* Action item
A faithful copy without images is required: write out all the records exactly.

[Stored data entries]
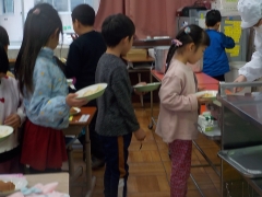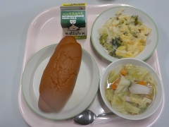 今日の給食は、黒糖パン、牛乳、豆乳グラタン、かぶのスープでした。グラタンが小友たちには、大人気でお代わりの列ができていました。
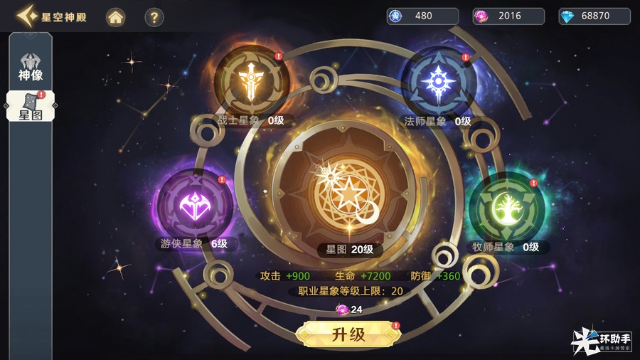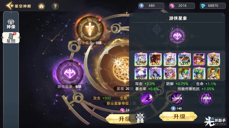玩家首次获得初始稀有英雄,或将初始稀有英雄首次升阶至更高品阶时可获得星辰,星辰可提升星图等级。星图等级可以给全队英雄提供额外的攻击力、生命值和防御力加成。
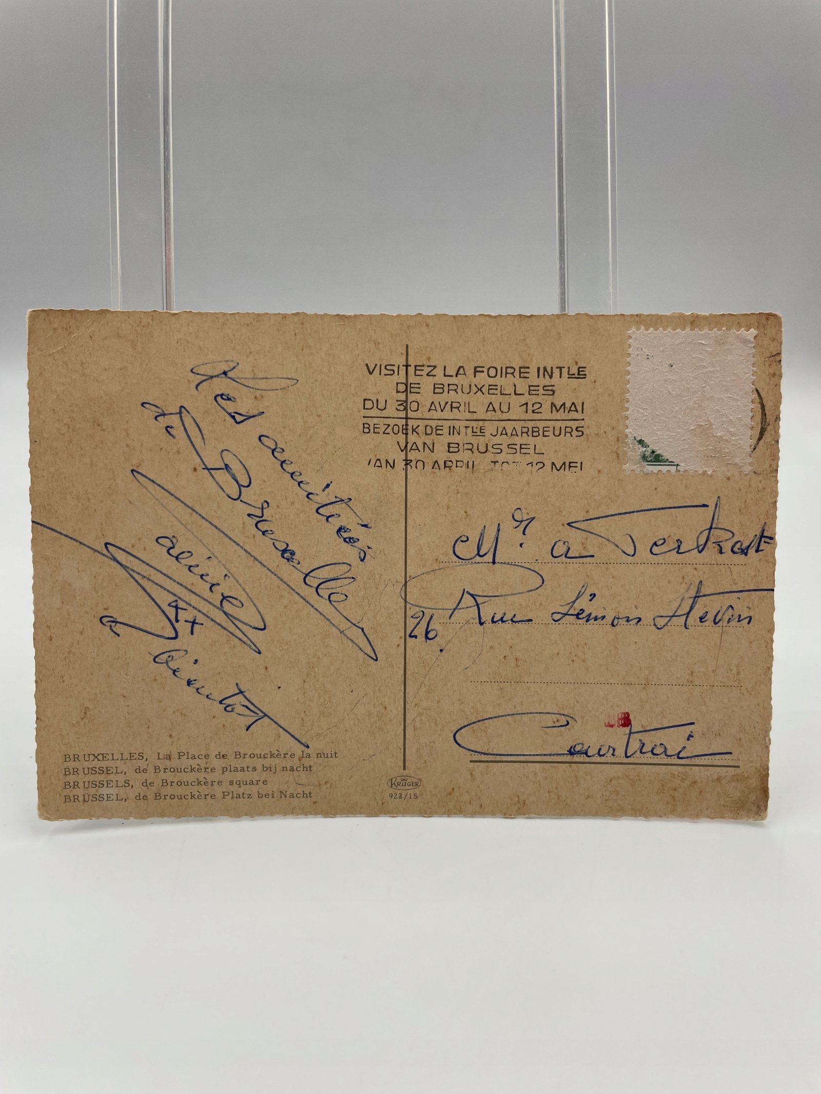 Pocztówka Belgia 1957 Bruksela plac de Brouckère nocą Kolor
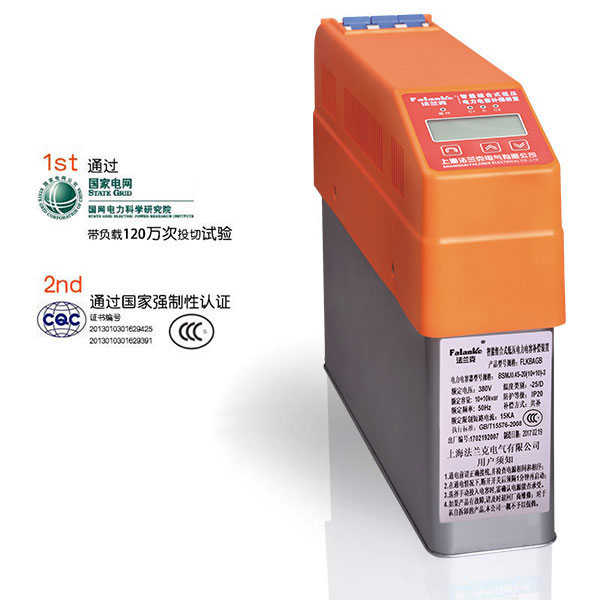 FLK系列智能式低压电力电容器是0.4KV低压电网高效节能﹑降低线损﹑提高功率因数和电能质量的新一代无功补偿设备。它由智能测控单元,晶闸管复合开关电路,线路保护单元,两台(△型)或一台(Y型)低压电力电容器构成。替代常规由智能控制器﹑熔丝﹑复合开关或机械式接触器﹑热继电器﹑低压电力电容器﹑指示灯等散件在柜内和柜面由导线连接而组成的自动无功补偿装置.改变了传统无功补偿装置体积庞大和笨重的结构模式,从而使新一代低压无功补偿设备具有补偿效果更好,体积更小,功耗更低,价格更廉,节约成本更多,使用更加灵活,维护更加方便,使用寿命更长,可靠性更高的特点,适应了现代电网对无功补偿的更高要求。
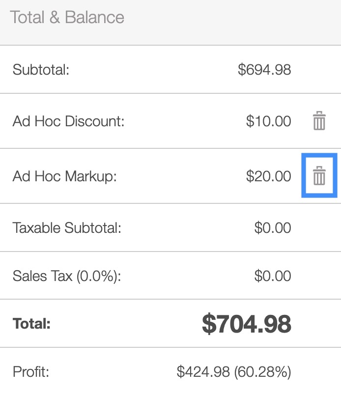 In the "Total & Balance" panel, locate the markup you would like to delete. Click on the corresponding Trash Can button next to the selected markup:
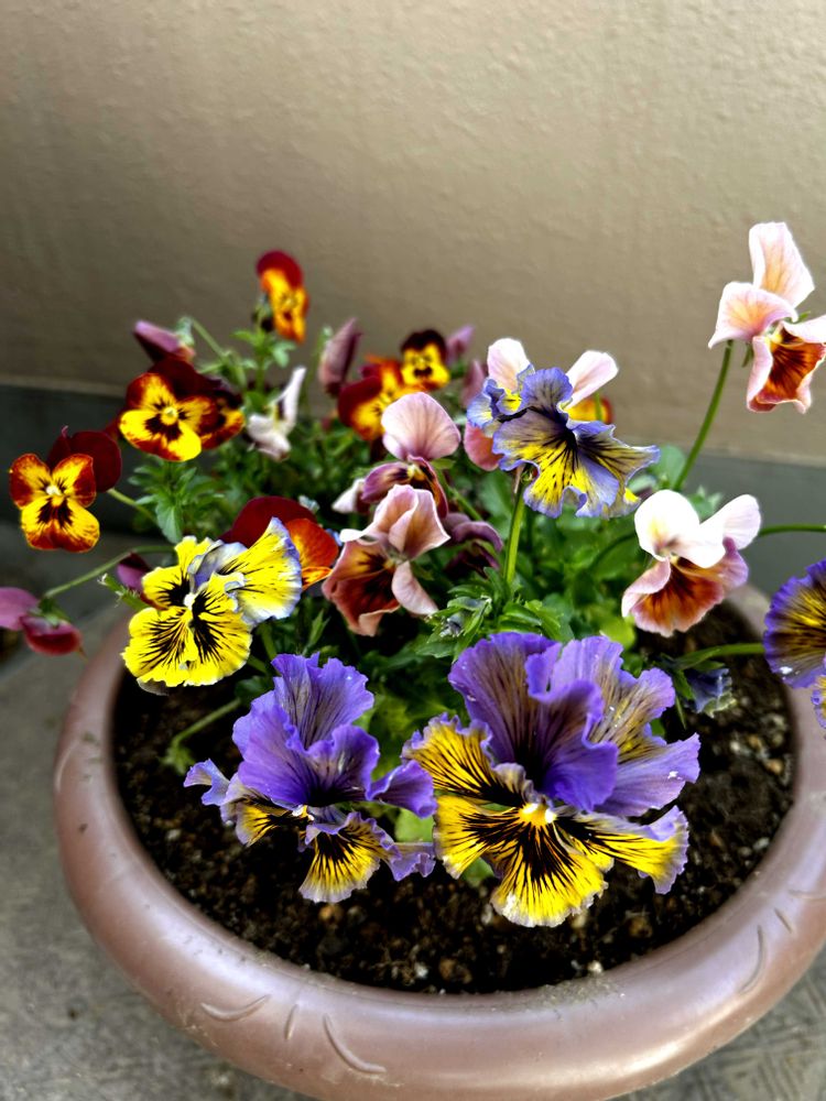 雨☔️の降っていた頃、花を見たくて、花屋さん💐に行ったら、お手頃価格の季節終わり頃のパンジーとビオラが奥の棚に追いやられていました😫
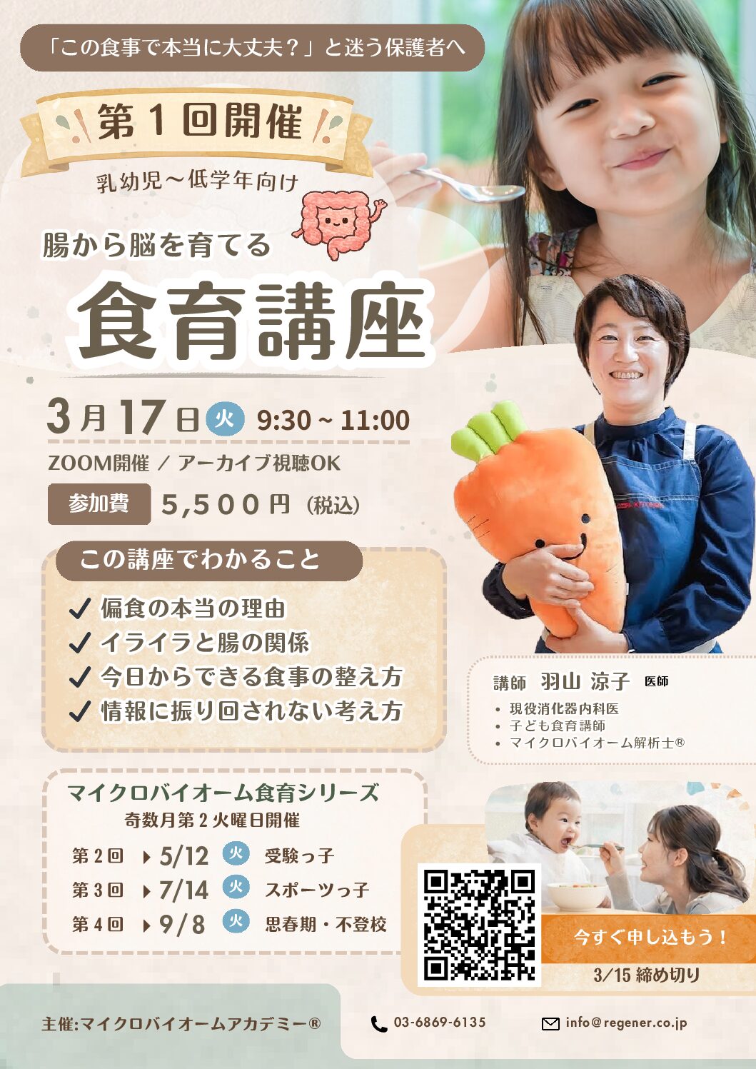 腸内環境について 【ZOOM開催(3/17)】Drが教える腸から脳を育てる食育講座
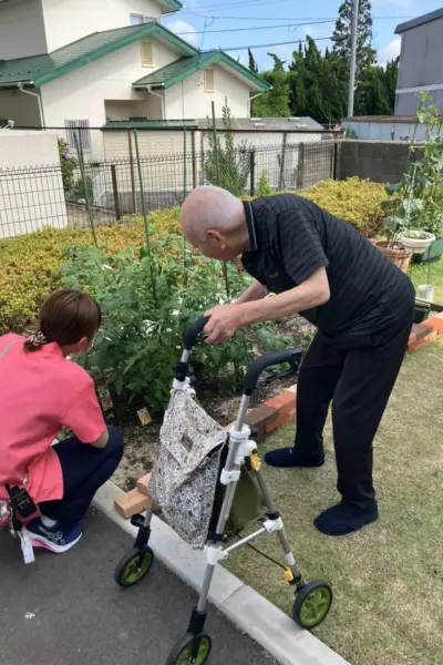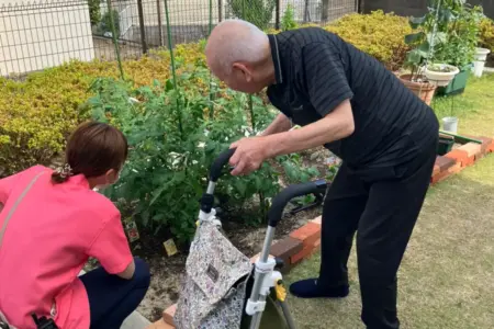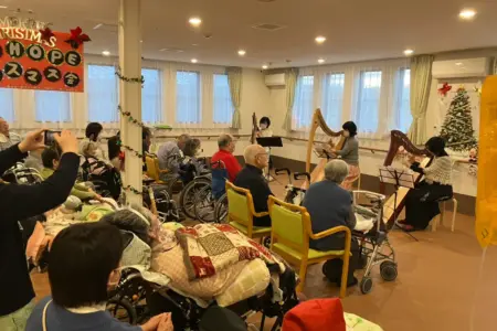 敷地内の畑では、季節ごとにトマトやキュウリなどの野菜やお花を育てており、ご入居者さまと共に水やりや収穫を楽しむのが恒例です。また、地元で人気のパン屋さんや乳製品飲料の移動販売が週に1度お部屋まで来てくれる移動販売は、皆さまの楽しみの一つです。ハープの演奏会や外国人講師によるアート制作など、ボランティアによる活動も定期的に行われており、感性を刺激する彩り豊かな日々を大切にしています。
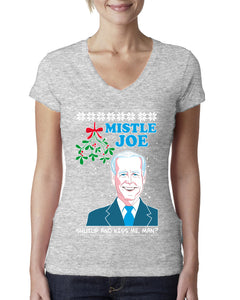Mistle Joe Shut Up And Kiss Me Man Biden Ugly Christmas Sweater Womens Junior Fit V-Neck Tee
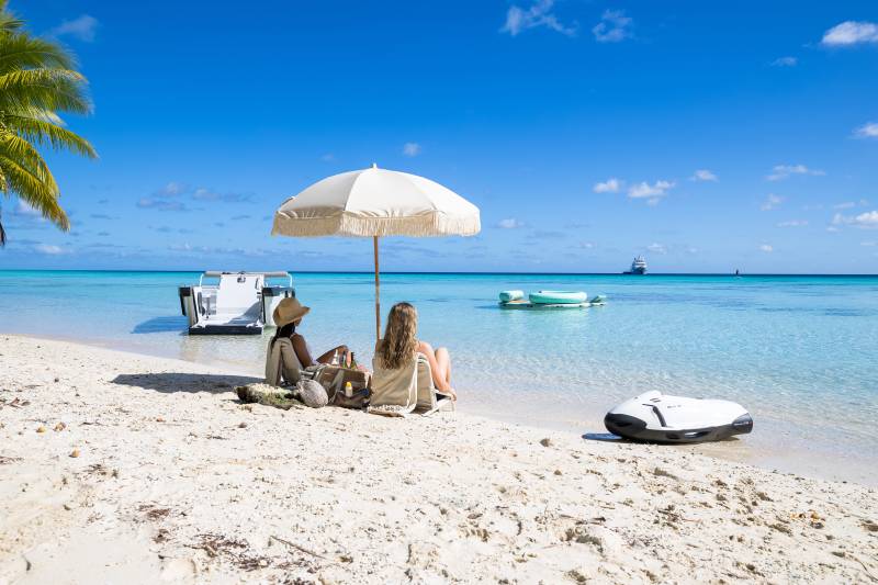 Breakfast followed — fresh sourdough, fruit, pastries, and Fleur’s favourite: the truffle omelette. “Then maybe a quick e-foil lesson with the crew before taking the helicopter to a remote, uninhabited atoll for a picnic. It was truly the most idyllic island I’ve ever seen — totally untouched, the colours unreal.”
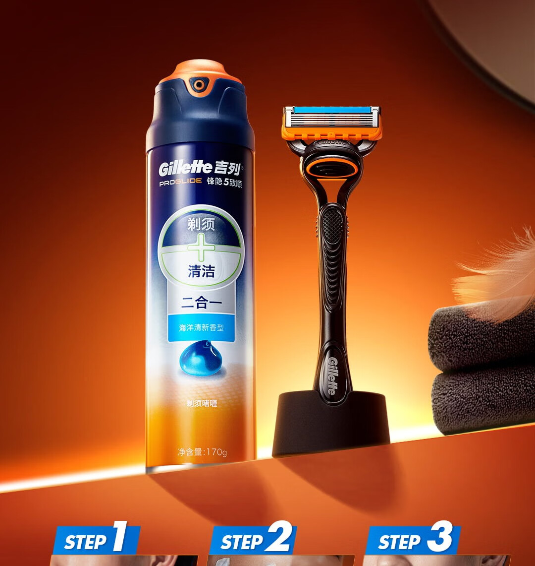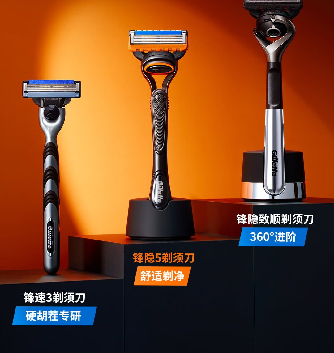吉列锋隐5基础 剃刮胡须刀手动差旅便携款 1刀架7刀头 5层刀片男士情人节礼物 京东自营旗舰非吉利 防刮伤免须泡

* Problem solution
 今日の給食は、黒糖パン、牛乳、豆乳グラタン、かぶのスープでした。グラタンが小友たちには、大人気でお代わりの列ができていました。
玩家首次获得初始稀有英雄,或将初始稀有英雄首次升阶至更高品阶时可获得星辰,星辰可提升星图等级。星图等级可以给全队英雄提供额外的攻击力、生命值和防御力加成。
 Pocztówka Belgia 1957 Bruksela plac de Brouckère nocą Kolor
 FLK系列智能式低压电力电容器是0.4KV低压电网高效节能﹑降低线损﹑提高功率因数和电能质量的新一代无功补偿设备。它由智能测控单元,晶闸管复合开关电路,线路保护单元,两台(△型)或一台(Y型)低压电力电容器构成。替代常规由智能控制器﹑熔丝﹑复合开关或机械式接触器﹑热继电器﹑低压电力电容器﹑指示灯等散件在柜内和柜面由导线连接而组成的自动无功补偿装置.改变了传统无功补偿装置体积庞大和笨重的结构模式,从而使新一代低压无功补偿设备具有补偿效果更好,体积更小,功耗更低,价格更廉,节约成本更多,使用更加灵活,维护更加方便,使用寿命更长,可靠性更高的特点,适应了现代电网对无功补偿的更高要求。
 In the "Total & Balance" panel, locate the markup you would like to delete. Click on the corresponding Trash Can button next to the selected markup:
 雨☔️の降っていた頃、花を見たくて、花屋さん💐に行ったら、お手頃価格の季節終わり頃のパンジーとビオラが奥の棚に追いやられていました😫
 腸内環境について 【ZOOM開催(3/17)】Drが教える腸から脳を育てる食育講座
 敷地内の畑では、季節ごとにトマトやキュウリなどの野菜やお花を育てており、ご入居者さまと共に水やりや収穫を楽しむのが恒例です。また、地元で人気のパン屋さんや乳製品飲料の移動販売が週に1度お部屋まで来てくれる移動販売は、皆さまの楽しみの一つです。ハープの演奏会や外国人講師によるアート制作など、ボランティアによる活動も定期的に行われており、感性を刺激する彩り豊かな日々を大切にしています。
Mistle Joe Shut Up And Kiss Me Man Biden Ugly Christmas Sweater Womens Junior Fit V-Neck Tee
 Breakfast followed — fresh sourdough, fruit, pastries, and Fleur’s favourite: the truffle omelette. “Then maybe a quick e-foil lesson with the crew before taking the helicopter to a remote, uninhabited atoll for a picnic. It was truly the most idyllic island I’ve ever seen — totally untouched, the colours unreal.”
吉列锋隐5基础 剃刮胡须刀手动差旅便携款 1刀架7刀头 5层刀片男士情人节礼物 京东自营旗舰非吉利 防刮伤免须泡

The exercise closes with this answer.